• [YOUR INSTRUCTIONS]:
Using the entries below, copy exactly each line from the line with "у Сумській області." up to and including the line with "The Mickey Faux", with every picture left out.

• [AVAILABLE DATA]:

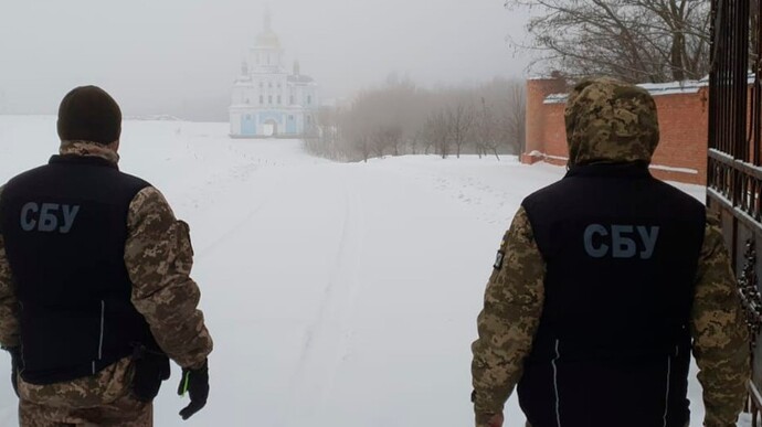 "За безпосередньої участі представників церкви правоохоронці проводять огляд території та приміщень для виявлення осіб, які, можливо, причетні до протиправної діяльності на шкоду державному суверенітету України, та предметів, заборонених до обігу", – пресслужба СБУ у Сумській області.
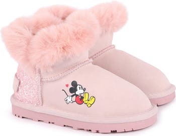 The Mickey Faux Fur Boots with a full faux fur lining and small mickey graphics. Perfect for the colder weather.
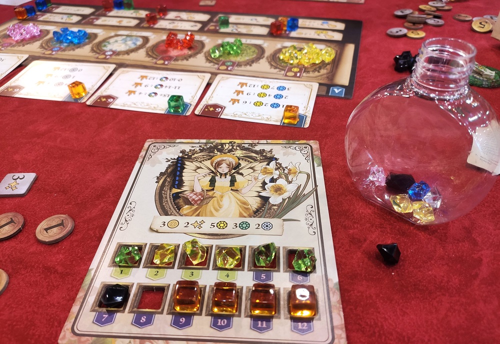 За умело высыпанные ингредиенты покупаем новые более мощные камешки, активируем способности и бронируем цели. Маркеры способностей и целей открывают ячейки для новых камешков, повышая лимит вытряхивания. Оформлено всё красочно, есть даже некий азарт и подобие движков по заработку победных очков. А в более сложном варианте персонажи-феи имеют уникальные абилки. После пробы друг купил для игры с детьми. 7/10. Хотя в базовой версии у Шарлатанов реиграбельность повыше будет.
---
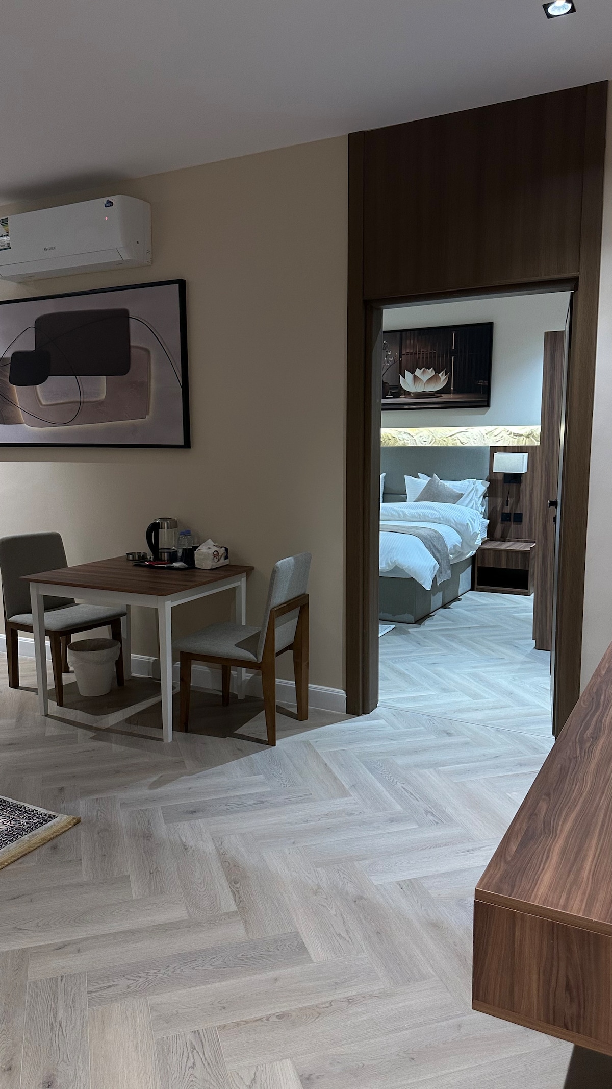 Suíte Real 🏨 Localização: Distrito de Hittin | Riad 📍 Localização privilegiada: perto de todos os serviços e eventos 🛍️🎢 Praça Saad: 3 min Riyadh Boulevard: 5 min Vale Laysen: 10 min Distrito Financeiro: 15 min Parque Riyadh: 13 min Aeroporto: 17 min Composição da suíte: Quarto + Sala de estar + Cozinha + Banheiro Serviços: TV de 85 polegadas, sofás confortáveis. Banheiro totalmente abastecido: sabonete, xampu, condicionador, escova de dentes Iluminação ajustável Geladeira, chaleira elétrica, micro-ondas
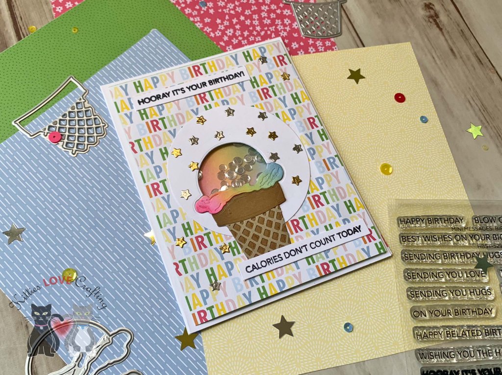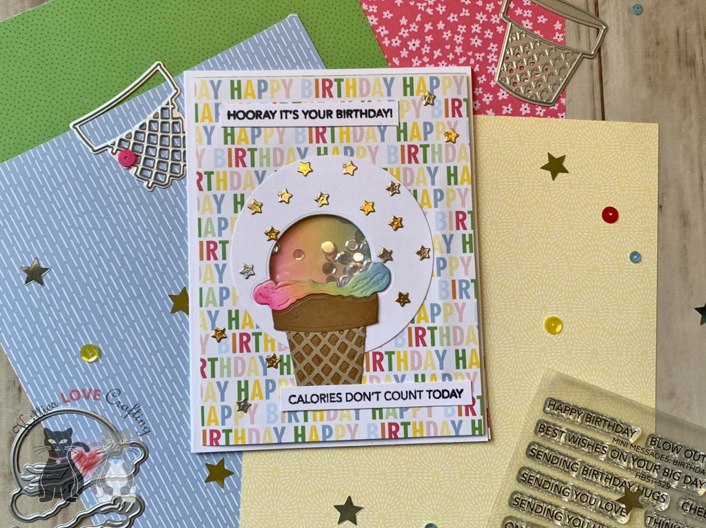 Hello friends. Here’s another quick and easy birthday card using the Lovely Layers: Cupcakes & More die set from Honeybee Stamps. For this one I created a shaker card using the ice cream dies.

• [PROBLEM SOLUTION]:
 "За безпосередньої участі представників церкви правоохоронці проводять огляд території та приміщень для виявлення осіб, які, можливо, причетні до протиправної діяльності на шкоду державному суверенітету України, та предметів, заборонених до обігу", – пресслужба СБУ у Сумській області.
 The Mickey Faux Fur Boots with a full faux fur lining and small mickey graphics. Perfect for the colder weather.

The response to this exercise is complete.